Espécie símbolo da pesca esportiva e uma das mais valorizadas dos rios brasileiros volta a ter captura proibida devido ao risco de extinção; fiscalização já foi intensificada na bacia do Rio Paraná
A pesca do Pintado (Pseudoplatystoma corruscans), um dos peixes de água doce mais emblemáticos do Brasil, voltou a ser proibida em importantes rios da região Sudeste e Centro-Oeste. A medida, determinada pelo Ministério do Meio Ambiente e Mudança do Clima, atinge especialmente os rios que integram a bacia do Rio Paraná, incluindo o Rio Grande, um dos principais destinos da pesca esportiva paulista.
A decisão foi tomada após órgãos ambientais identificarem sinais de redução populacional da espécie em seu habitat natural, elevando o alerta sobre o risco de extinção. Segundo a Polícia Ambiental, a queda na frequência de registros do pintado está associada principalmente à pesca predatória e à pressão exercida sobre os estoques naturais ao longo dos últimos anos.
Com a nova determinação, ficam proibidos não apenas a captura, mas também o transporte, armazenamento, beneficiamento e comercialização de exemplares retirados da natureza. A restrição vale para toda a bacia do Rio Paraná, alcançando rios como o Paraná, Grande, Paranaíba e diversos afluentes onde a espécie ocorre naturalmente.
A orientação das autoridades é que pescadores profissionais e amadores devolvam imediatamente ao rio qualquer exemplar capturado acidentalmente, mantendo o peixe vivo.
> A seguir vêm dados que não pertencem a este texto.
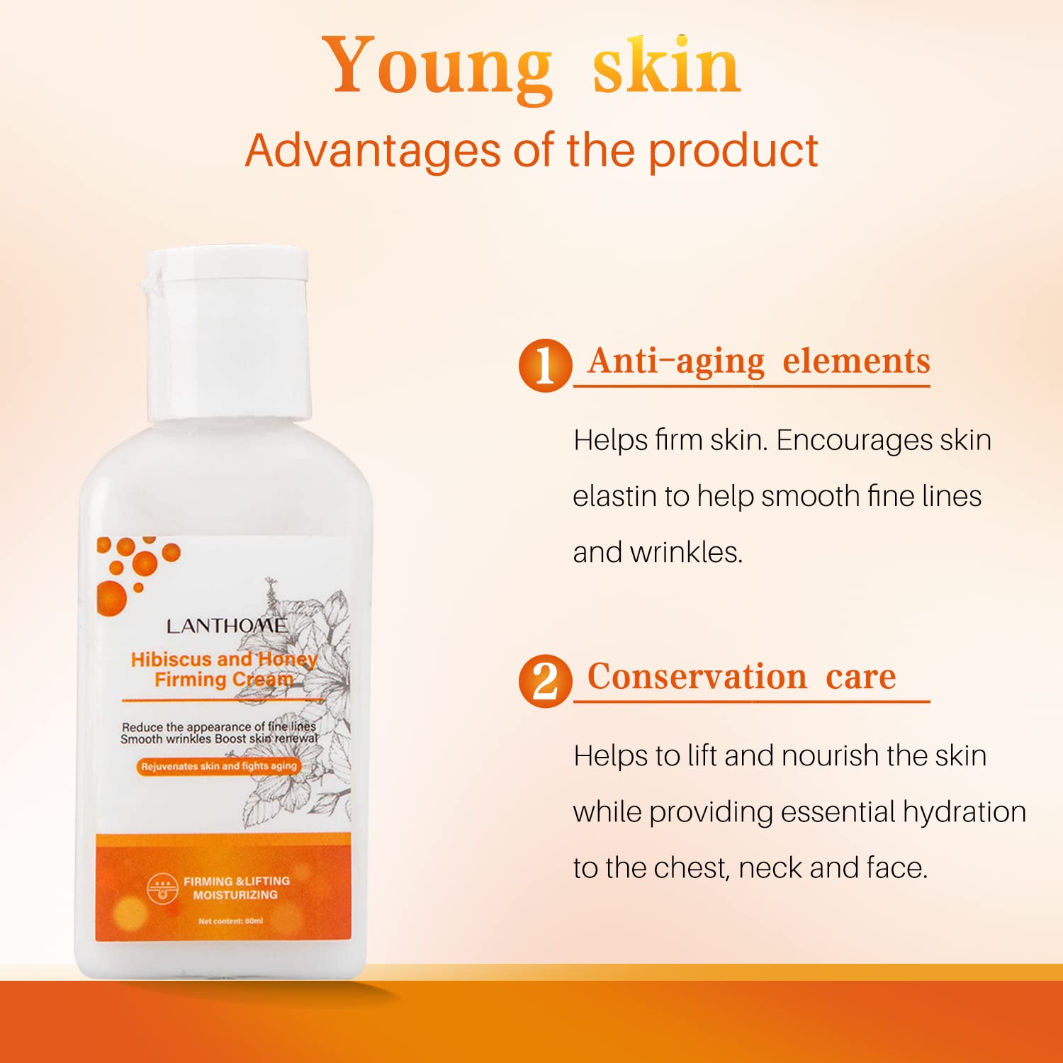 Hibiscus and Honey Firming Cream(60ML), Neck Firming Skin Tightening Cream With Collagen & Hyaluronic Acid, Reduces the Look of Neck Lines,Tightens,& Smooths

Equipes da Polícia Ambiental já intensificaram as fiscalizações em áreas conhecidas pela prática da pesca esportiva e comercial. O descumprimento da norma pode resultar em multas e responsabilização criminal por crime ambiental.
Exceção continua valendo para a aquicultura
A proibição não se aplica aos exemplares produzidos em criadouros e empreendimentos de aquicultura devidamente licenciados. Dessa forma, a produção em cativeiro e a comercialização desses peixes permanecem autorizadas, desde que atendam às exigências legais e ambientais vigentes.
Por que o pintado é tão importante?
Nativo da bacia do Rio Paraná, o pintado é considerado um dos peixes de água doce mais valorizados do país. Conhecido pelo porte avantajado, pela força durante a captura e pela qualidade da carne, tornou-se um símbolo da pesca esportiva brasileira e uma espécie de grande relevância econômica para comunidades ribeirinhas, pousadas de pesca e o turismo ligado aos rios.
Além do valor comercial, o pintado desempenha papel fundamental no equilíbrio ecológico dos ambientes aquáticos. Como predador de topo na cadeia alimentar, ajuda a controlar populações de outras espécies e contribui para a manutenção da biodiversidade dos rios da bacia do Paraná.
Preservação para evitar o desaparecimento da espécie
Especialistas alertam que a recuperação de grandes peixes migratórios depende de medidas rígidas de conservação. A sobrepesca, a degradação dos habitats, os barramentos de rios e a redução das áreas naturais de reprodução têm pressionado diversas espécies nativas brasileiras.
A nova proibição busca justamente permitir a recuperação dos estoques naturais do pintado antes que a situação se torne irreversível. Casos semelhantes em outras espécies demonstram que ações preventivas costumam ser mais eficazes e menos custosas do que tentar recuperar populações já colapsadas.
Embora a medida gere impacto imediato para parte dos pescadores, ambientalistas e órgãos de fiscalização defendem que a proteção do pintado é essencial para garantir que futuras gerações continuem encontrando nos rios brasileiros um dos peixes mais admirados e importantes da fauna aquática nacional.